Basic Camp (CIET)

Future Army nurses receive career insights during LTC hospital tour

Captain Curtis Smith, left, explains how the Emergency Room at the Ireland Army Communtiy Hospital works to Cadets who are going into a medical field. Photo by Rebecca Thompson.

Captain Curtis Smith, left, explains how the Emergency Room at the Ireland Army Community Hospital works to Cadets who are going into a medical field. Photo by Rebecca Thompson.

By Sydney Callis
Leader’s Training Course

Within the confines of Fort Knox’s Ireland Army Community Hospital, Leader’s Training Course Cadets are given a behind the scenes, informative tour of the different units comprising the hospital.

“I wanted to go on the tour to get a feel of how Army hospitals, how they work, how nurses interact with their patients on the floor and the dynamic between Army and the medical field,” said Foxtrot Company Cadet Kiara Nix, who attends Winston Salem State University.

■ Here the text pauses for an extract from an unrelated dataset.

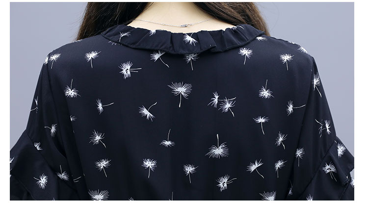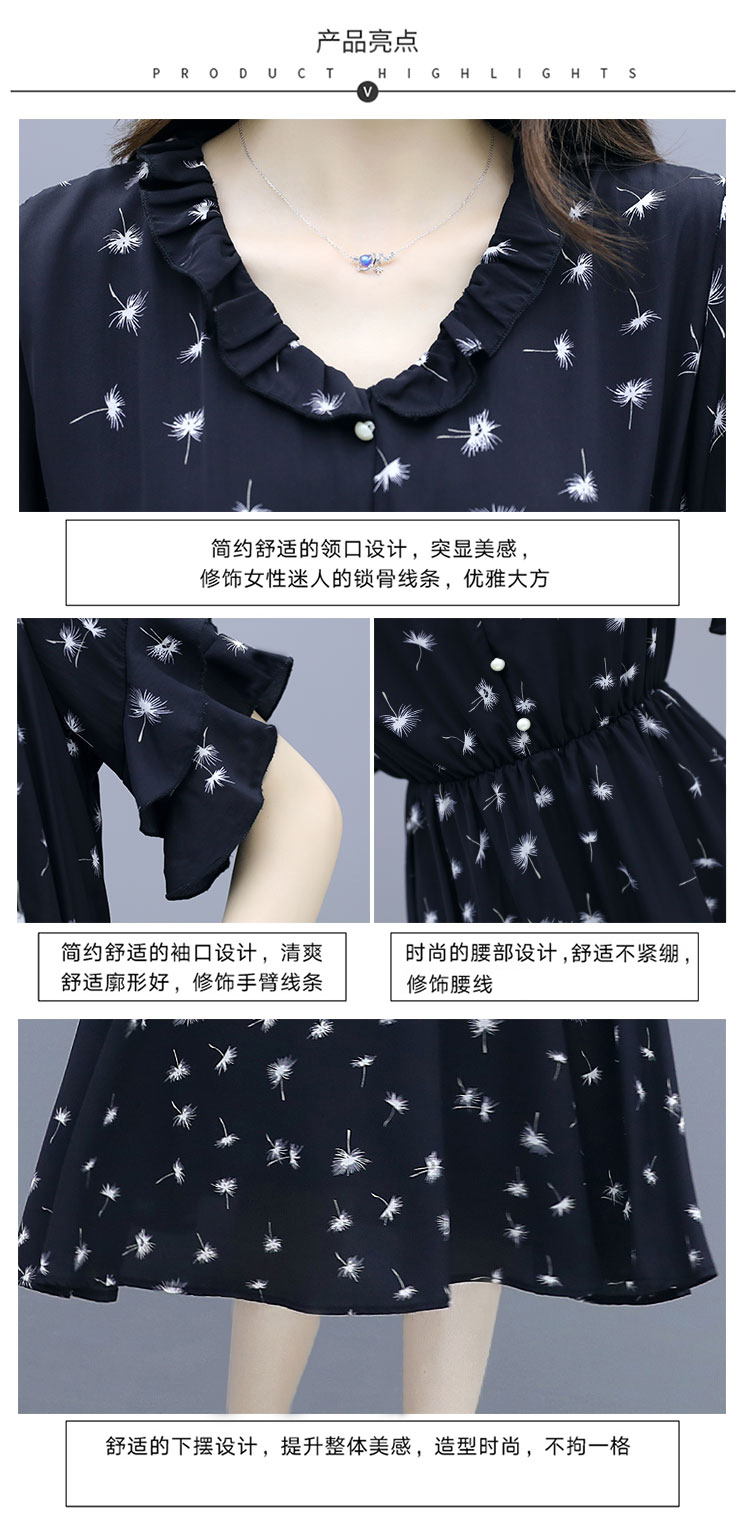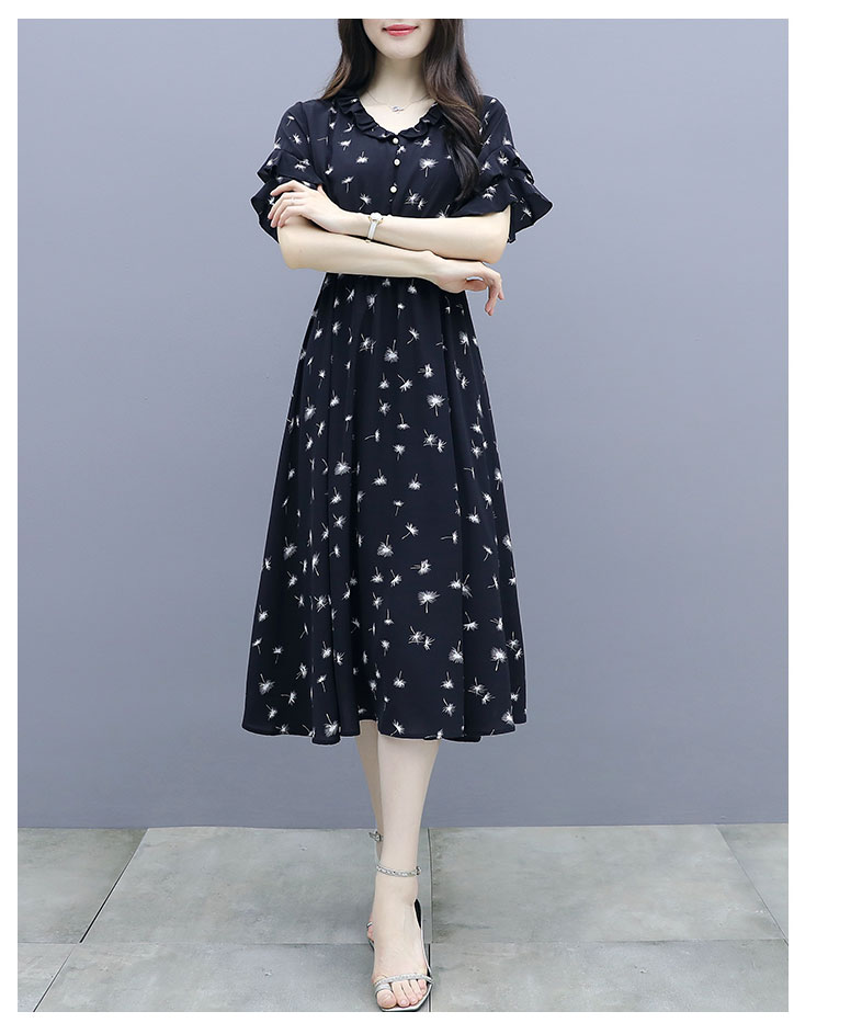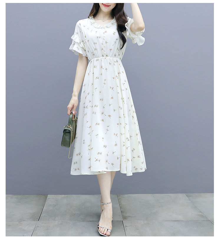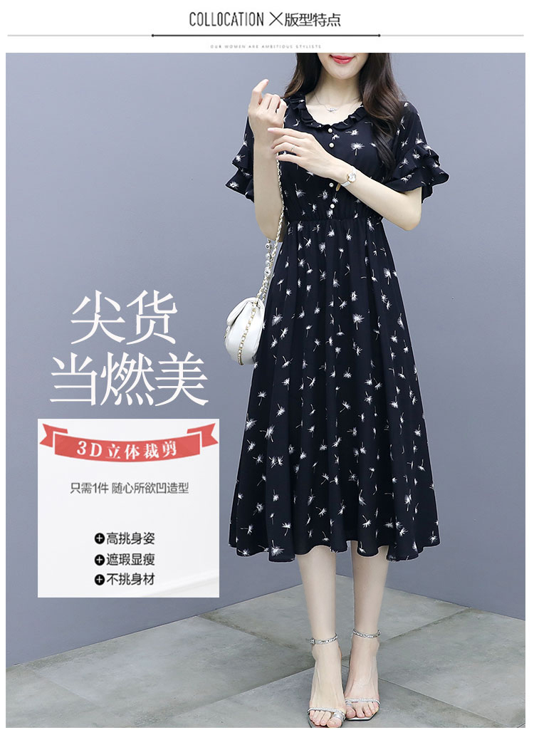 RM9910#碎花连衣裙女中长款2022年夏季复古收腰长裙短袖雪纺裙子气质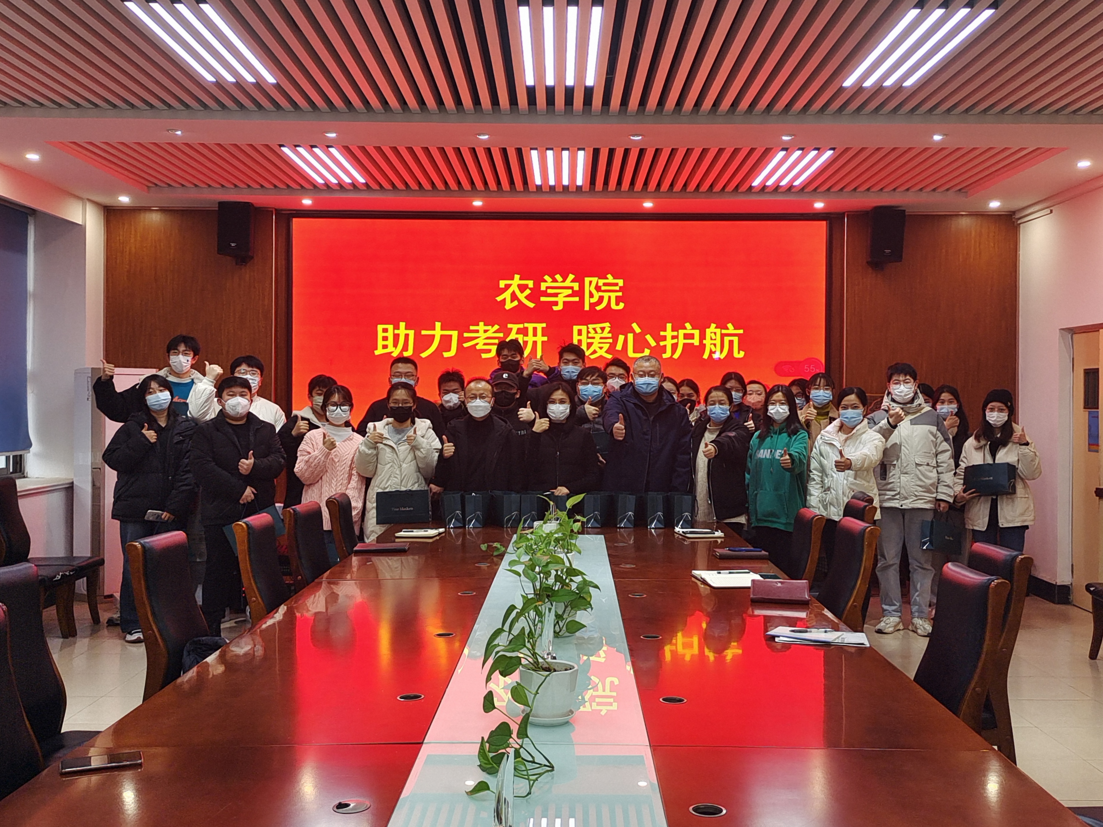 最后,马伟萍、孙占伟、2019级班主任、辅导员为各班学生代表送上学院精心准备的毛毯礼包并合影留念。同学们备受鼓舞,斗志满满,纷纷表示一定会牢记老师的嘱托,以最佳状态积极备考,一战成硕。

Capt. Monique Jesionowski, a brigade nurse counselor who has taken Cadets either majoring in nursing or considering majoring in the medical field on hospital tours this summer, said the four-hour tour can be an informative and eye-opening experience.

“The tour gives insight into the Army medical department and the different fields that they have,” Jesionowski said. “The Cadets get a lot of information. The best part about it is just getting to talk to actual military officers who can share their experiences.”

For Cadets interested in pursuing a nursing career in the Army, the hospital tour provides many opportunities to interact with nurses of various specialties to see what Cadets might want to do in the future.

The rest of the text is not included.